I use PyQt4 in python 3.
I load a website's source code, including all the iframes of the website with this code:

import sys, signal, time
from PyQt4 import QtGui, QtCore, QtWebKit
class Sp():
  def save(self, ok, frame=None):
    if frame is None:
      print ('main-frame')
      frame = self.webView.page().mainFrame()
    else:
      print('child-frame')
    print('Time: ' + str(time.time() - startTime))
    print('URL: %s' % frame.baseUrl().toString())
    print('METADATA: %s' % frame.metaData())
    print('TAG: %s' % frame.documentElement().tagName())
    print('HTML: ' + frame.documentElement().toInnerXml())
    print()

  def handleFrameCreated(self, frame):
    frame.loadFinished.connect(lambda: self.save(True, frame=frame))

  def main(self):
    self.webView = QtWebKit.QWebView()
    self.webView.page().frameCreated.connect(self.handleFrameCreated)
    self.webView.page().mainFrame().loadFinished.connect(self.save)
    self.webView.load(QtCore.QUrl("http://10.0.0.101/default.htm"))

startTime = time.time()
signal.signal(signal.SIGINT, signal.SIG_DFL)
print('Press Crtl+C to quit\n')
app = QtGui.QApplication(sys.argv)
s = Sp()
s.main()
sys.exit(app.exec_())

This code gives me the source code of all iframes in a website.
I want to attach all those iframes into one html file.
Is this possible?

yuval
  • 2,848
  • 4
  • 31
  • 51
  • What does that mean? do you want to concatenate all of the HTML together? What purpose does it serve? – GLaDOS Feb 28 '16 at 12:16
  • Yes i want to concatenate all of the HTML together into one html file. The purpose is kind of complicated so i can't explain it. – yuval Feb 28 '16 at 12:29
  • @yuval. Maybe it's "complicated" because you're going about it in the wrong way? This is starting to look like a classic [XY Problem](http://xyproblem.info/). – ekhumoro Feb 28 '16 at 19:48

2 Answers2

1

I already partly answered this question in the comments to the answer you copied your code from. You cannot simply concatenate separate html pages into one page - the html forrmat just doesn't work like that.

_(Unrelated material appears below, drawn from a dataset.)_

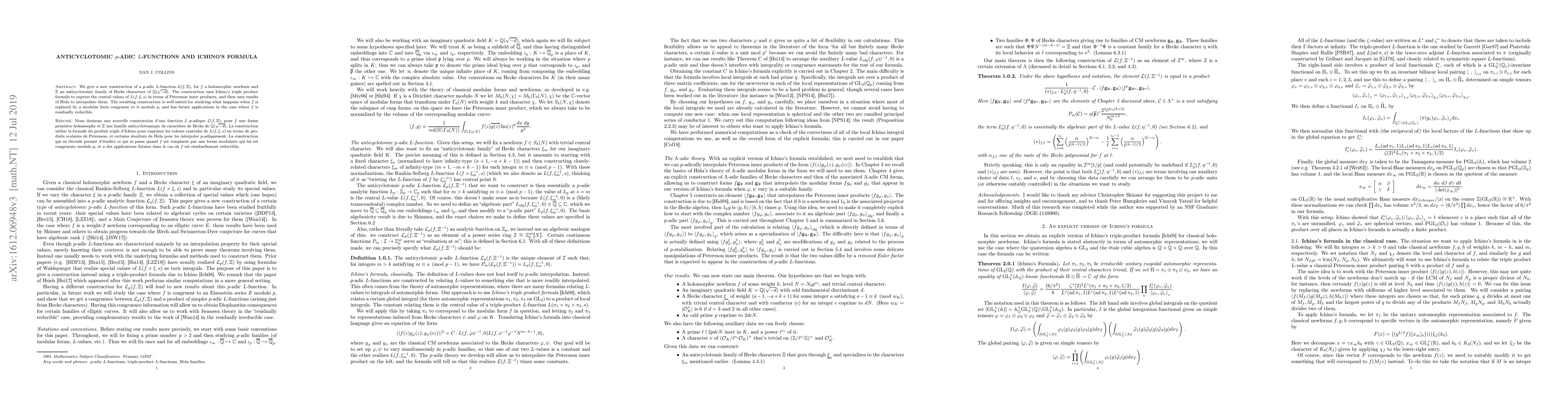 This paper presents a new construction of a $p$-adic $L$-function $\mathcal{L}(f,\Xi)$ for a holomorphic newform $f$ and an anticyclotomic family $\Xi$ using Ichino's triple product formula and Hida's interpolation results, which is particularly useful for studying congruences modulo $p$ and residual reducibility.
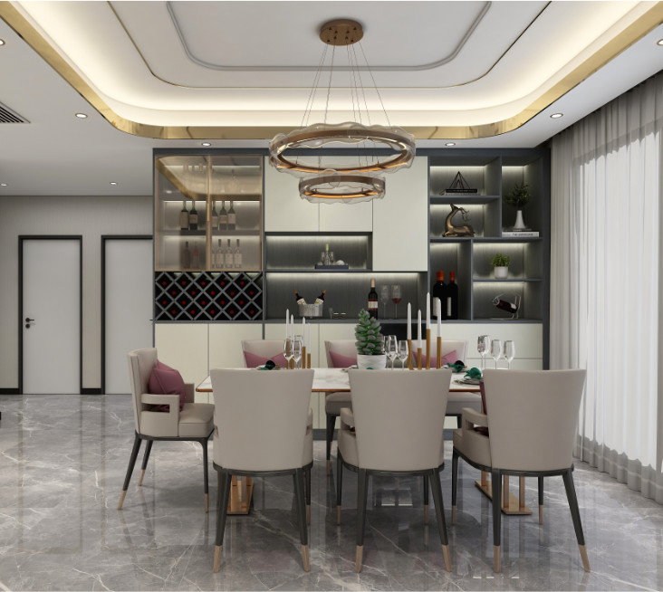 地點(diǎn):山西太原功能:偉業(yè)全案高定 餐廳區(qū)域一字型櫥柜,縱向劃分“洗-切-炒”操作動(dòng)線,引入潮流的“餐桌+島臺(tái)”設(shè)計(jì),聯(lián)合條狀吊燈,合力打造輕奢的浪漫氛圍,高效的...

There are tools that can save a complete webpage into a single file, but they all use a special format for doing it. One such format is MHTML, which is a proposed standard documented as RFC 2557. If you take a brief glance at it, you will see that it is far more complicated than simply gluing chunks of html together.

If you want to do this properly, I would suggest you look for a tool that has support for a format like MHTML.

Community
  • 1
  • 1
ekhumoro
  • 115,249
  • 20
  • 229
  • 336
0

If you're interested in just concatenating the HTML of all pages, you can add an attribute that will contain all of the html together, and get the html with :

class Sp():
    all_html = ''

    def save(self, ok, frame=None):
        if frame is None:
            print ('main-frame')
            frame = self.webView.page().mainFrame()
        else:
            print('child-frame')
        self.all_html += frame.toHtml()
        print('Time: ' + str(time.time() - startTime))
        print('URL: %s' % frame.baseUrl().toString())
        print('METADATA: %s' % frame.metaData())
        print('TAG: %s' % frame.documentElement().tagName())
        print('HTML: ' + frame.documentElement().toInnerXml())
        print()

Setting the HTML of the main webframe might not work because of many things, for instance cross domain policy. If you are interested though, you can use:

self.webView.page().mainFrame().setHtml(self.all_html)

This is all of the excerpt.